### WHAT IS REQUIRED
Everything in the records below should be printed exactly, except the pictures.

-- Opening Marker --

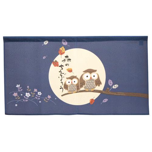市松柄レース縁起物のれん 42209 ふくろう BL 450
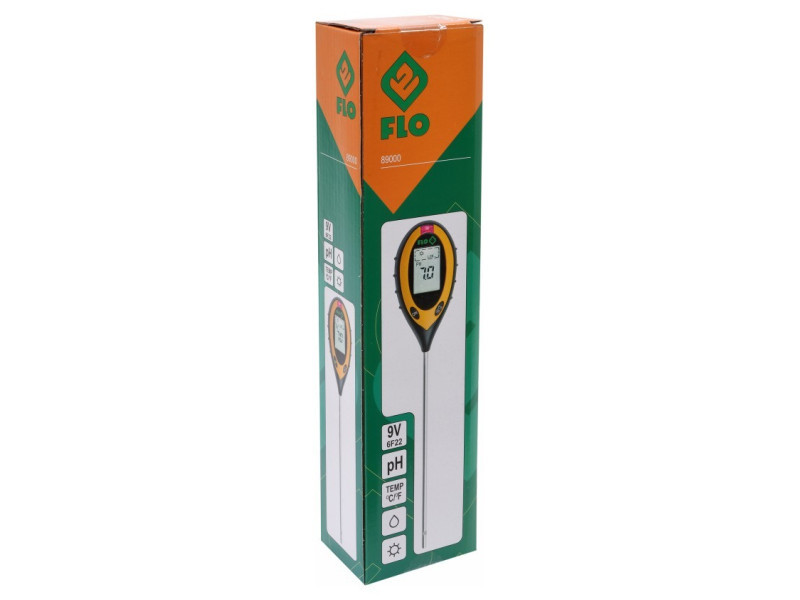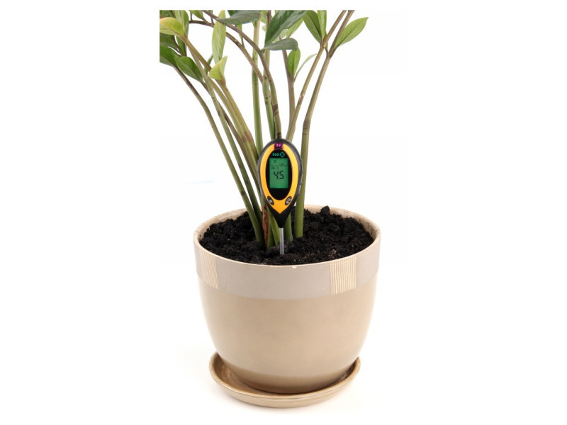 The garden meter measures four values: - soil moisture, - soil pH reagent, - soil temperature - lighting intensity. Meter, so -called The soil acid meter is equipped with a 20 cm long probe and a clear LCD display for easy and reading. If the probe is not stuck into the ground, the ambient temperature will be shown. The device has an automatic switching off function, which affects the life of the battery.
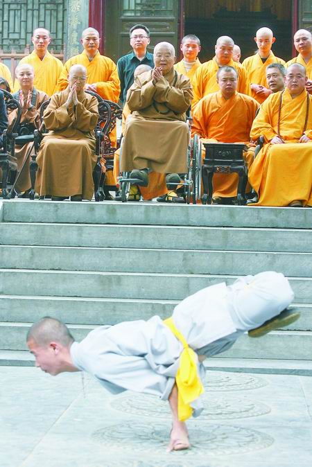 星云法師很風趣地說:“我謝謝你們!我坐在輪椅上很沉的,你們幾個武僧就像拎小雞一樣輕松地抬著我就走了,這也說明你們功夫修習得好,你們的功夫能助人,今天就幫助了我。我謝謝你們!在臺灣的佛光山之外,在世界上我們還建了幾個佛光山,你們到世界各地的佛光山都是佛光山的貴賓,我還要請少林武僧到佛光大學傳授武術。”一番話令年輕的武僧們歡呼雀躍。
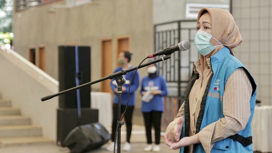 “Semuanya berkat bapak dan ibu,” kata Airin di seluruh hadapan peserta reuni eks pasien rumah lawan covid.
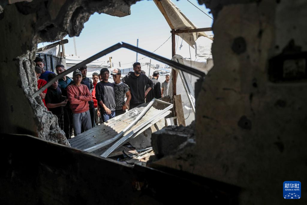 4月17日,在加沙地带北部杰巴利耶难民营,人们查看以军袭击后的废墟。
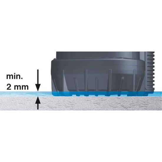 Im manuellen Betrieb ansaugend schon ab 10 mm Wasserstand und flachabsaugend bis 2 mm.
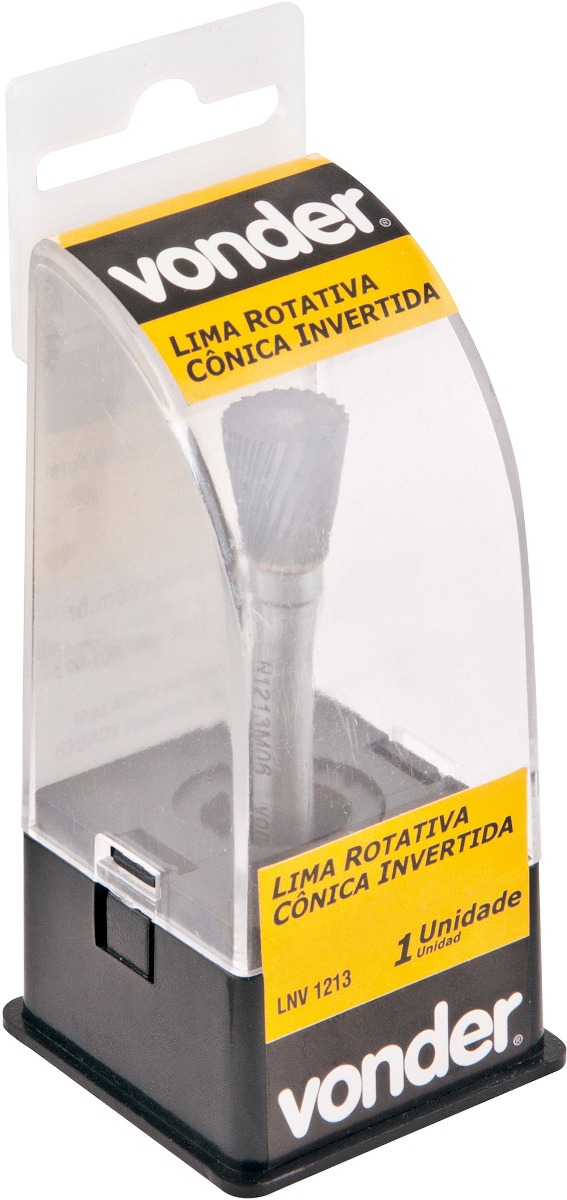 Marca: VonderConteúdo da embalagem:1 Lima rotativa.Destaques e diferenciais:Oferece conforto e maior segurança ao operador, reduz o esforço sobre o equipamento, alta produtividade. Ponta de vídea/metal duro proporcionando maior vida útil.Aplicações e dicas de uso:Utilizada em retificadeira para desbaste e acabamento em metais, como: cordão de solda, rebarbações em geral e demais operações que necessitam a remoção de material. Não indicada para desbaste de aço inox.Detalhes TécnicosModelo: N/A Formato da lima: Cônica invertida Diâmetro: 16,0 mm Comprimento útil: 6,0 mm Diâmetro da haste: 6,0 mm Comprimento total: 50,0 mm Rotação máxima: 20.000/min Garantia - E (CDC):Garantia legal: 90 dias
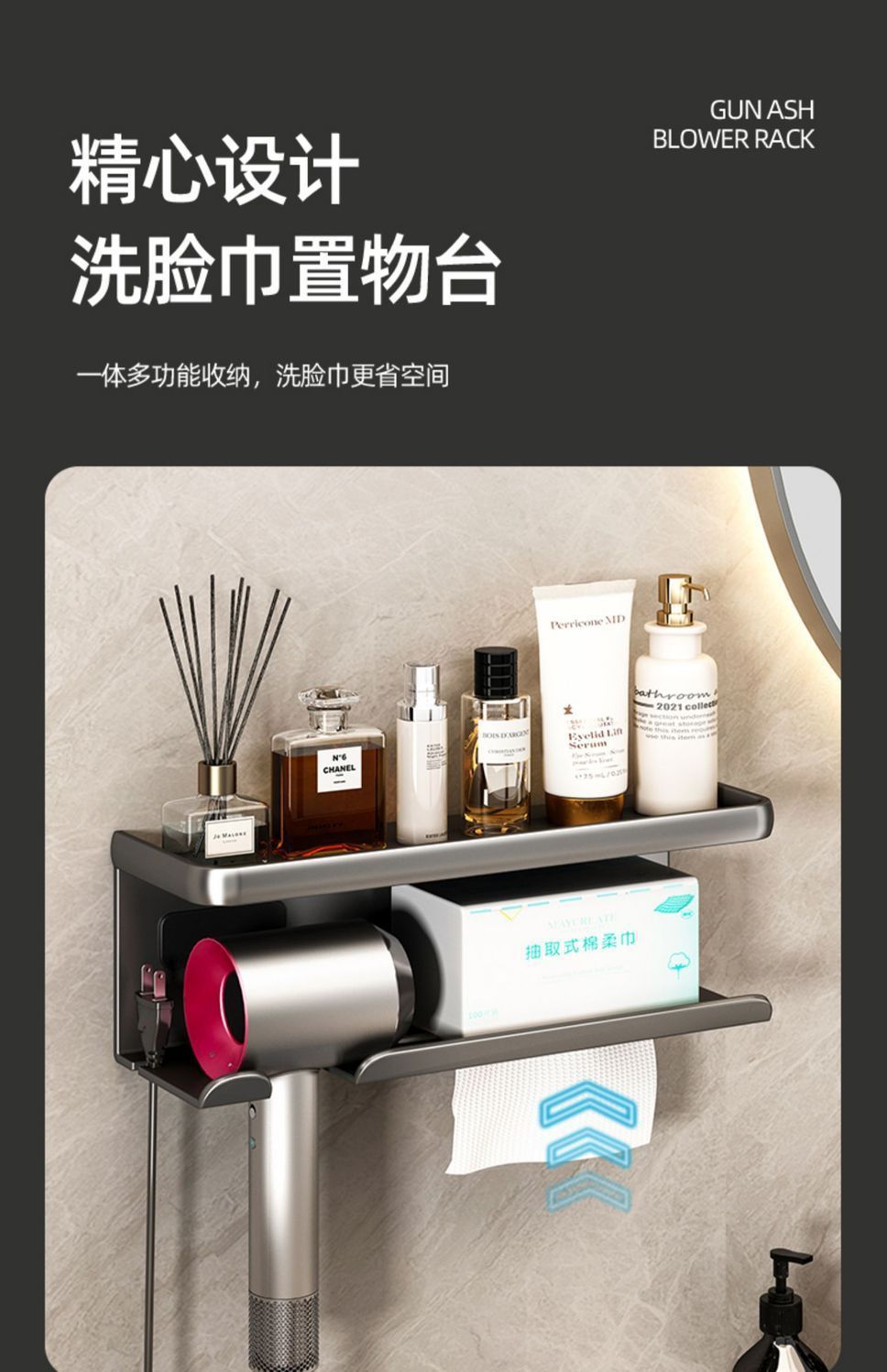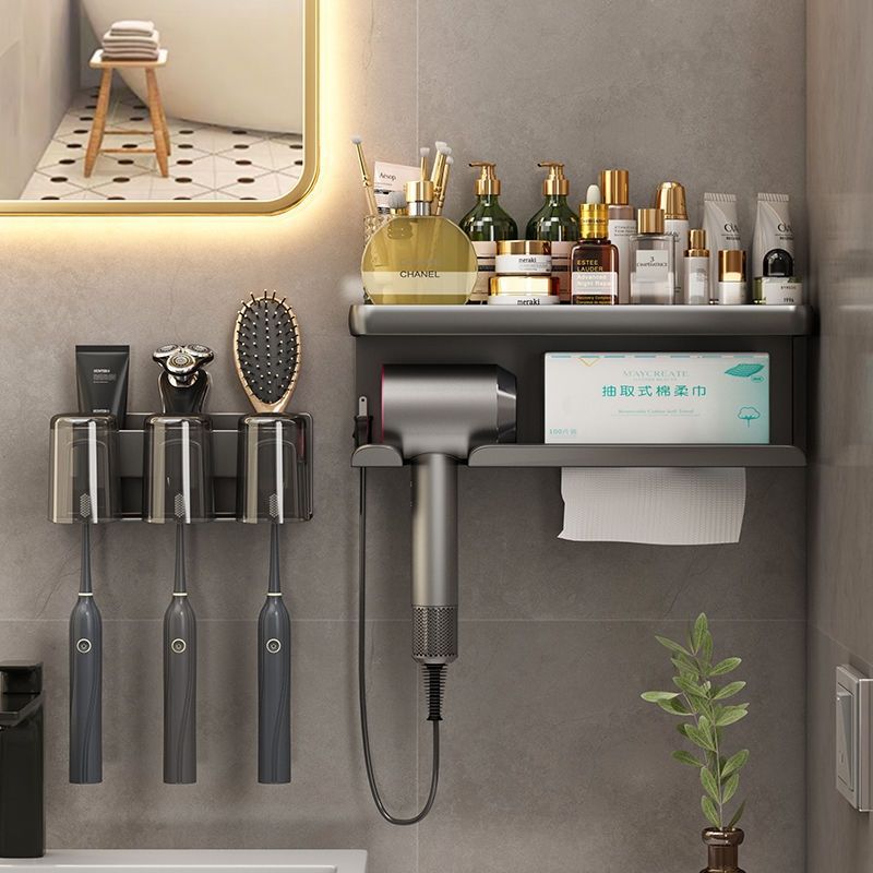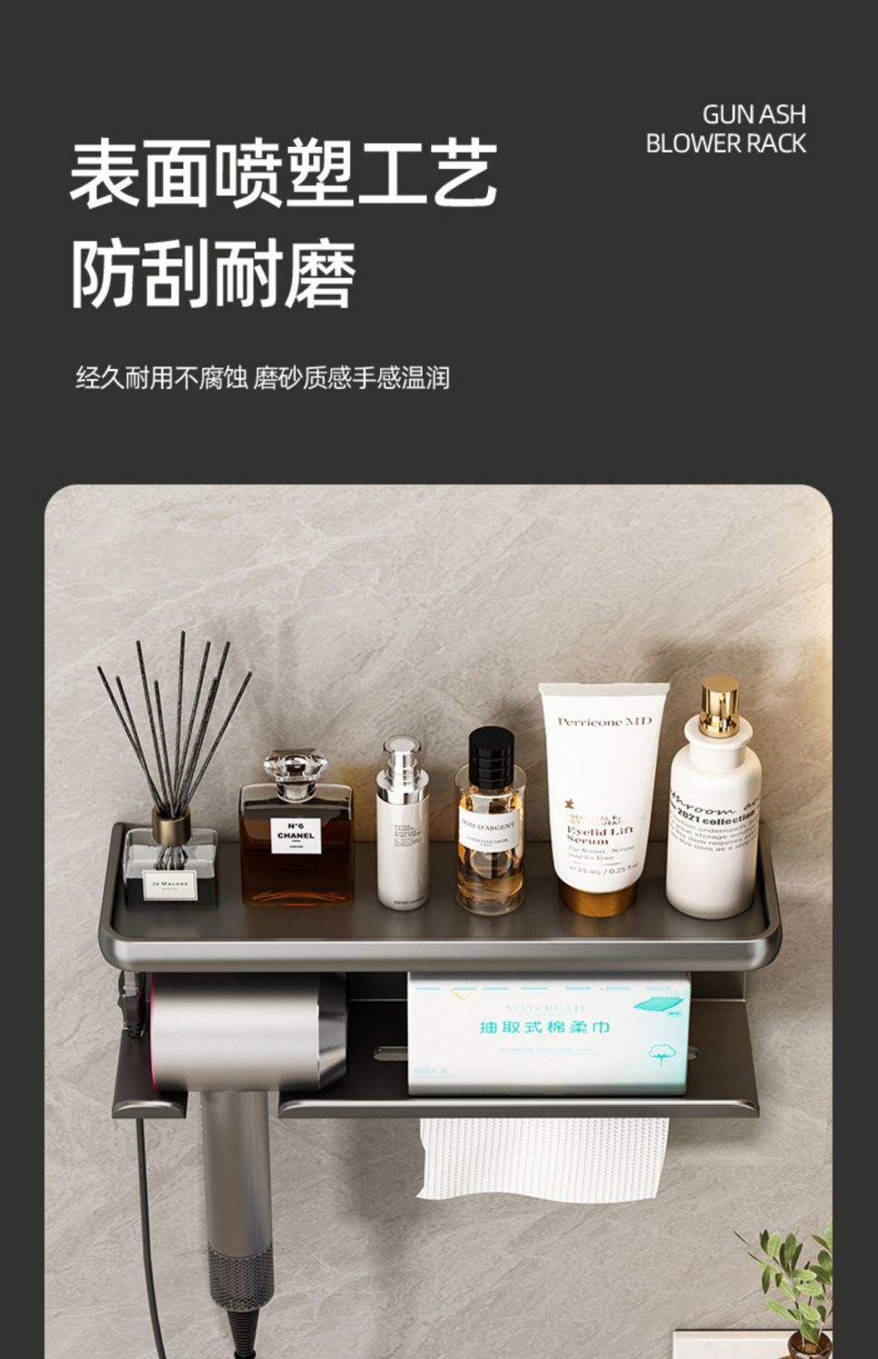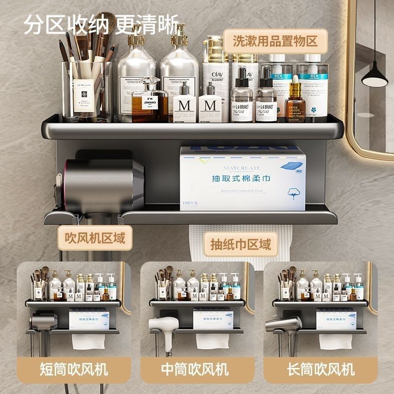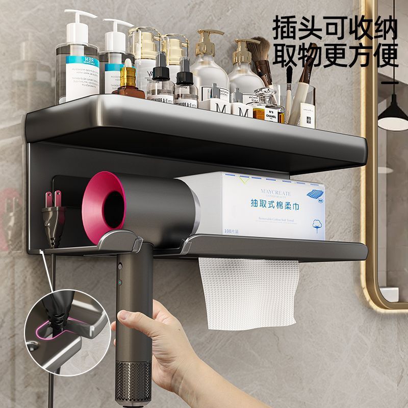 욕실 화장품 랙 헤어 드라이어 브래킷 욕실 총 애쉬 벽걸이 조직 보관 선반 헤어 드라이어
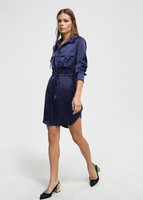 Blusón satinado con cuello y puños camiseros. Abierto con botones bajo tapete hasta cintura. Bolsillos plastrón con tapete y hebilla metálica. Cintura ajustable.

-- Closing Marker --

### SOLUTION TO THIS TASK
市松柄レース縁起物のれん 42209 ふくろう BL 450
 The garden meter measures four values: - soil moisture, - soil pH reagent, - soil temperature - lighting intensity. Meter, so -called The soil acid meter is equipped with a 20 cm long probe and a clear LCD display for easy and reading. If the probe is not stuck into the ground, the ambient temperature will be shown. The device has an automatic switching off function, which affects the life of the battery.
 星云法師很風趣地說:“我謝謝你們!我坐在輪椅上很沉的,你們幾個武僧就像拎小雞一樣輕松地抬著我就走了,這也說明你們功夫修習得好,你們的功夫能助人,今天就幫助了我。我謝謝你們!在臺灣的佛光山之外,在世界上我們還建了幾個佛光山,你們到世界各地的佛光山都是佛光山的貴賓,我還要請少林武僧到佛光大學傳授武術。”一番話令年輕的武僧們歡呼雀躍。
 “Semuanya berkat bapak dan ibu,” kata Airin di seluruh hadapan peserta reuni eks pasien rumah lawan covid.
 4月17日,在加沙地带北部杰巴利耶难民营,人们查看以军袭击后的废墟。
 Im manuellen Betrieb ansaugend schon ab 10 mm Wasserstand und flachabsaugend bis 2 mm.
 Marca: VonderConteúdo da embalagem:1 Lima rotativa.Destaques e diferenciais:Oferece conforto e maior segurança ao operador, reduz o esforço sobre o equipamento, alta produtividade. Ponta de vídea/metal duro proporcionando maior vida útil.Aplicações e dicas de uso:Utilizada em retificadeira para desbaste e acabamento em metais, como: cordão de solda, rebarbações em geral e demais operações que necessitam a remoção de material. Não indicada para desbaste de aço inox.Detalhes TécnicosModelo: N/A Formato da lima: Cônica invertida Diâmetro: 16,0 mm Comprimento útil: 6,0 mm Diâmetro da haste: 6,0 mm Comprimento total: 50,0 mm Rotação máxima: 20.000/min Garantia - E (CDC):Garantia legal: 90 dias
 욕실 화장품 랙 헤어 드라이어 브래킷 욕실 총 애쉬 벽걸이 조직 보관 선반 헤어 드라이어
 Blusón satinado con cuello y puños camiseros. Abierto con botones bajo tapete hasta cintura. Bolsillos plastrón con tapete y hebilla metálica. Cintura ajustable.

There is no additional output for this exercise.